**Exercise data**
┄┄┄┄┄┄┄┄┄┄
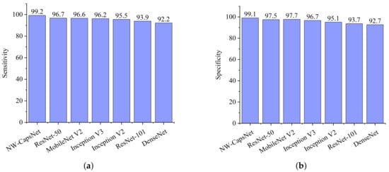 Comparison report of our model and selected pre-trained models. (a) Sensitivity result of the pre-trained models, including our proposed NW-CapsNet model. (b) Specificity result showing that our proposed model outperforms the selected pre-trained models.
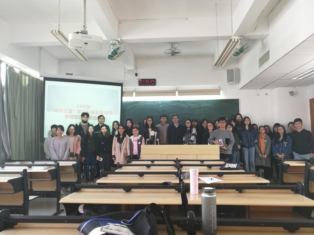 活动氛围轻松活跃,最后,师生合影留念,此次中文168班的领导、教授联系班级活动圆满结束。
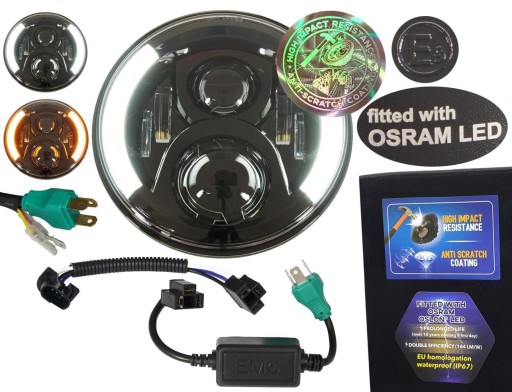 - w skład wchodzą: 1 lampa z LED-ami firmy OSRAM (z serii premium OSLON SSL), wtyczka H4, adapter H4-H13, przyrząd "canbus" potrzebny do montażu lampy LED w samochodach z zaawansowaną elektroniką, 2 dodatkowe kable do montażu DRL
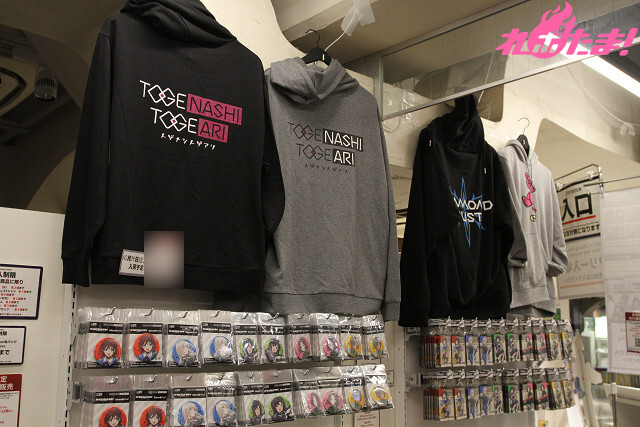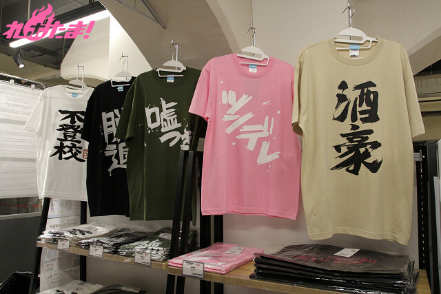 ▲先行販売グッズや、「文字入りTシャツ」などロングセラーのグッズがお出迎え!
┄┄┄┄┄┄┄┄┄┄
**Problem requirements**
Although the material contains pictures, only the lines are to be written out, exactly as they stand.

**Worked solution**
 Comparison report of our model and selected pre-trained models. (a) Sensitivity result of the pre-trained models, including our proposed NW-CapsNet model. (b) Specificity result showing that our proposed model outperforms the selected pre-trained models.
 活动氛围轻松活跃,最后,师生合影留念,此次中文168班的领导、教授联系班级活动圆满结束。
 - w skład wchodzą: 1 lampa z LED-ami firmy OSRAM (z serii premium OSLON SSL), wtyczka H4, adapter H4-H13, przyrząd "canbus" potrzebny do montażu lampy LED w samochodach z zaawansowaną elektroniką, 2 dodatkowe kable do montażu DRL
 ▲先行販売グッズや、「文字入りTシャツ」などロングセラーのグッズがお出迎え!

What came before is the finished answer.